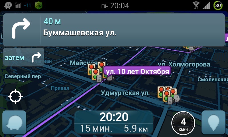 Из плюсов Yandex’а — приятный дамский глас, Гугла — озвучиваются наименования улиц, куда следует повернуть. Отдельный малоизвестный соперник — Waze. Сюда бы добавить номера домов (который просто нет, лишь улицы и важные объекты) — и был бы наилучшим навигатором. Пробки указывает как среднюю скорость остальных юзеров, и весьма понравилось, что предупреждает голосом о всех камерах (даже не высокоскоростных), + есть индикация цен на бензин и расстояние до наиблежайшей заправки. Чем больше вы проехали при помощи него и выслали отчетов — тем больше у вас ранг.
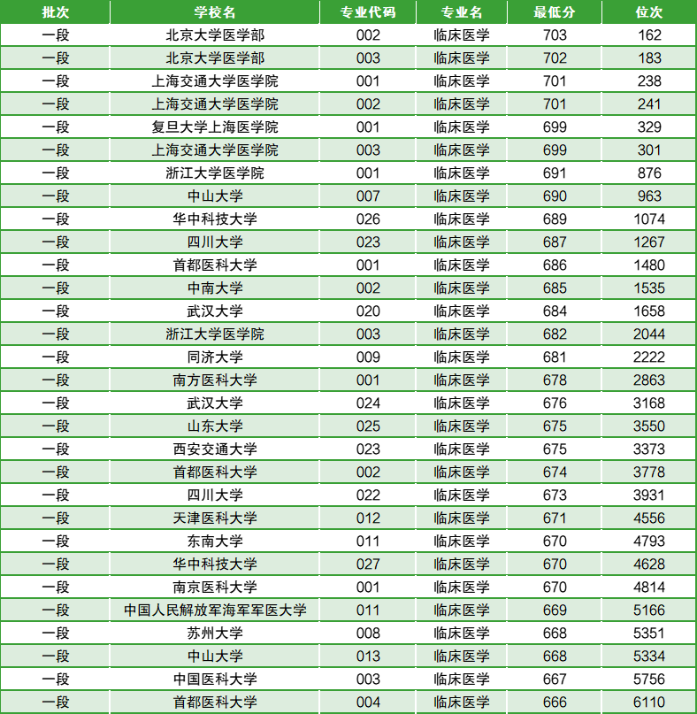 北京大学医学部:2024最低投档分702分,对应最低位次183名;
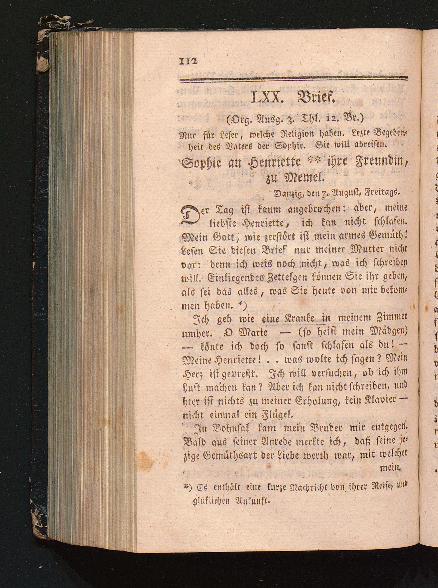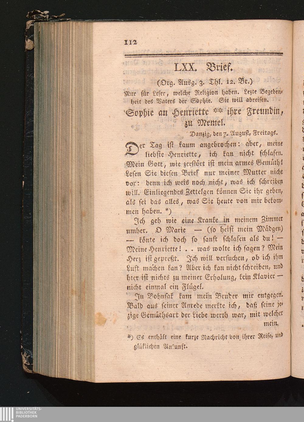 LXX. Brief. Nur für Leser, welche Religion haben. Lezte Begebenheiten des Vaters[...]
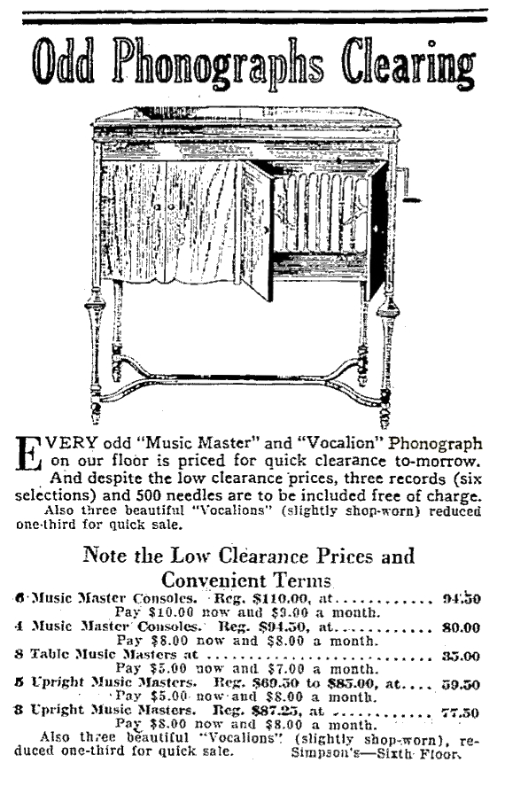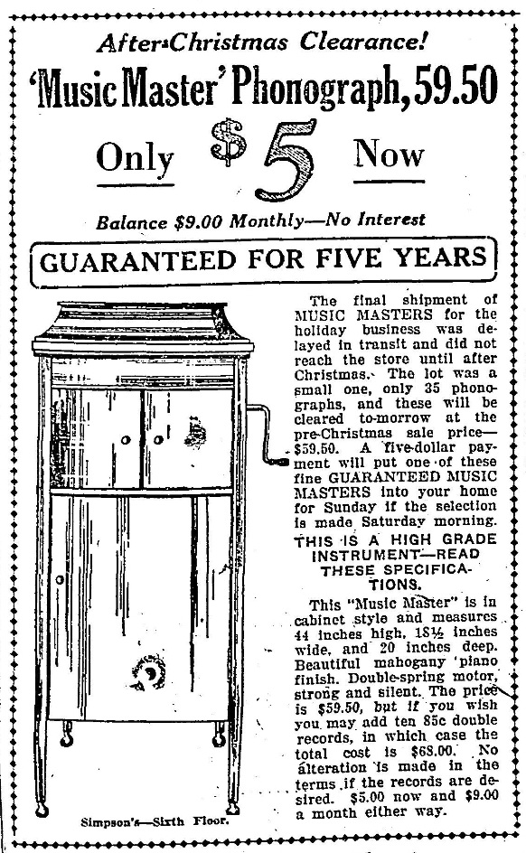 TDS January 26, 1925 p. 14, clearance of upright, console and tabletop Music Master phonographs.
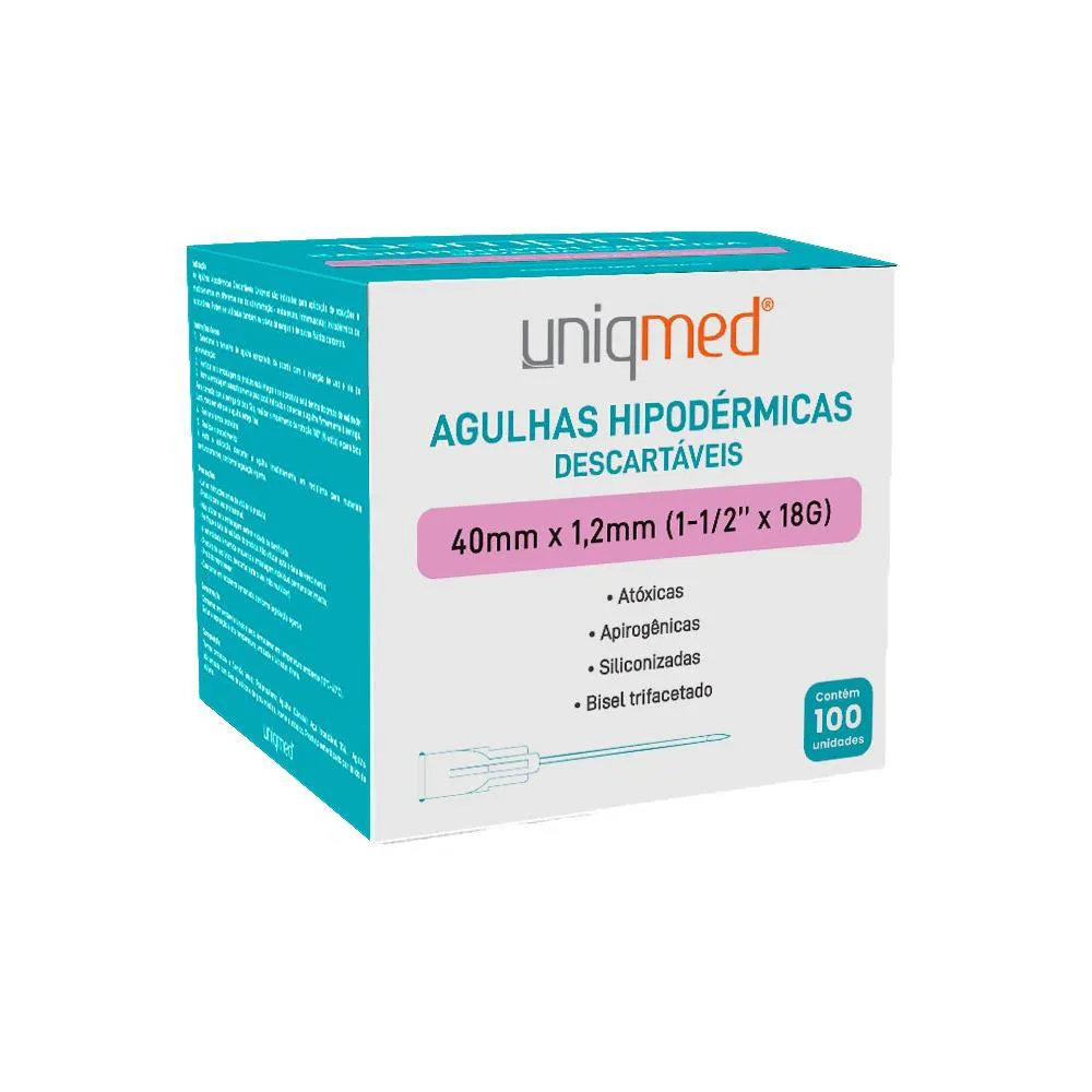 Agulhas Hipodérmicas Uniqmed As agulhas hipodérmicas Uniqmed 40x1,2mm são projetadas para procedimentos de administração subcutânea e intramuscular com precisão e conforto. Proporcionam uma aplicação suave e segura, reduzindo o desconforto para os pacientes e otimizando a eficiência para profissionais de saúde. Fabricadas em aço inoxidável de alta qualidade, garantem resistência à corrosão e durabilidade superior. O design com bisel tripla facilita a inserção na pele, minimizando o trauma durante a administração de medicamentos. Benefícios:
※ ※ ※
For the material above, give again only the lines starting at the line that contains "北京大学医学部:2024最低投档分702分,对应最低位次183名;" and ending at the line that contains "TDS January 26, 1925". Pictures do not belong in the copy.

WRITTEN ANSWER:
 北京大学医学部:2024最低投档分702分,对应最低位次183名;
 LXX. Brief. Nur für Leser, welche Religion haben. Lezte Begebenheiten des Vaters[...]
 TDS January 26, 1925 p. 14, clearance of upright, console and tabletop Music Master phonographs.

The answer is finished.